The concerns come as governments search for solutions to the plague of attacks coming from cybercriminals who see US and Western European companies as cash cows to milk with crypto ransomware and cyber extortion. In May, oil and gas transport network Colonial Pipeline paid a $4.4 million ransom to recover its ability to operate its management systems, and meat producer JBS USA paid a whopping $11 million to cybercriminals to recover from its own ransomware attack.

Paying the criminals means that the attacks will continue, says Michael Hamilton, founder and CISO at Critical Insight, a provider of cybersecurity services.

Decisions to pay a ransom "assume that the criminals are good at their word and will return records on payment of the extortion demand," he says. "Empirically, this has been shown to be a poor assumption. The benefit of prohibiting ransom payments — with the federal government as a reinsurer — would mean that the insurance industry wouldn’t tip over paying for restoration, while we demonstrate to ransomware operators that we’re no longer in their ideal customer profile."
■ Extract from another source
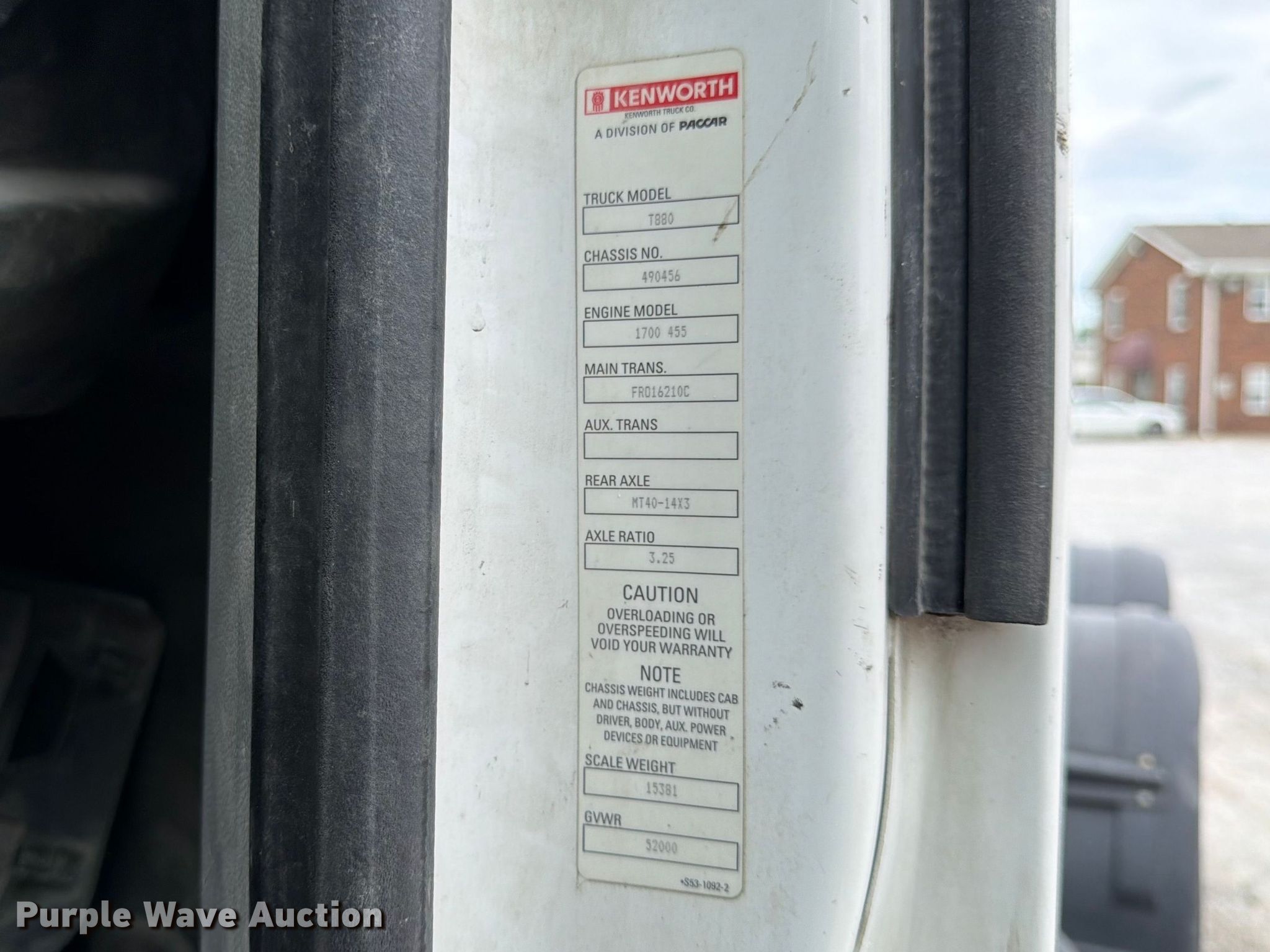 2016 Kenworth T880 semi truck. Miles: 807,357 on odometer, Hours: 22,806 on meter, VIN: 1XKZDP9X6GJ490456. Engine Paccar MX-13, Serial: Y075143, Displacement: 12.9L, Cylinders: 6, Fuel type: Diesel, HP: 455, Engine brake. Transmission Eaton Fuller FRO16210C, Manual, Speed: 10. Chassis Axles: Tandem, Gear ratio: 3.25, Differential lock: Inter-axle, Suspension: Air Dump valves, Brakes: Air, GVWR: 52,000 lbs FAWR: 12,000 lbs, IAWR: 20,000 lbs, RAWR: 20,000 lbs. Interior AC, Heat, Heated mirrors, Power windows, Power locks, Cruise control, Air ride cab. Features Deck plate: Aluminum, Fifth wheel type: Air operated, Sliding, Fuel tank: Single. Tires Size: 295/75R22.5. Notes Dash warning indicator: Check engine. Kentucky title. Title distribution may be delayed up to 14 days from verification of funds. Bulk First LLC. Louisville, KY 40211

Everyone appears frustrated with the situation. At the hearing, US Sen. Benjamin Sasse (R-NE) questioned why the FBI and other agencies believe they are making headway against the problem of ransomware. He noted that ransomware payments have nearly tripled, with cryptocurrency intelligence firm Chainalysis stating that $350 million in ransoms were paid in 2020.

"Why do we think any of our deterrence is working?" Sasse said. "Not a hostile question [directed] at any of you personally, but you all spun this as if there is some success here. It is pretty hard to see that from where we sit."

The FBI and other Department of Justice officials did make a case for mandating the reporting of ransomware attacks and other breaches.

"Because far too many ransomware incidents go unreported, and because silence benefits ransomware actors the most, we wholeheartedly believe a federal standard is needed to mandate the reporting of certain cyber incidents, including most ransomware incidents," Vorndran stated in written testimony. "Unlike other types of cybercrimes, the victim will almost always know when a ransomware incident has occurred. The scope and severity of this threat has reached the point where we can no longer rely on voluntary reports alone to learn about incidents."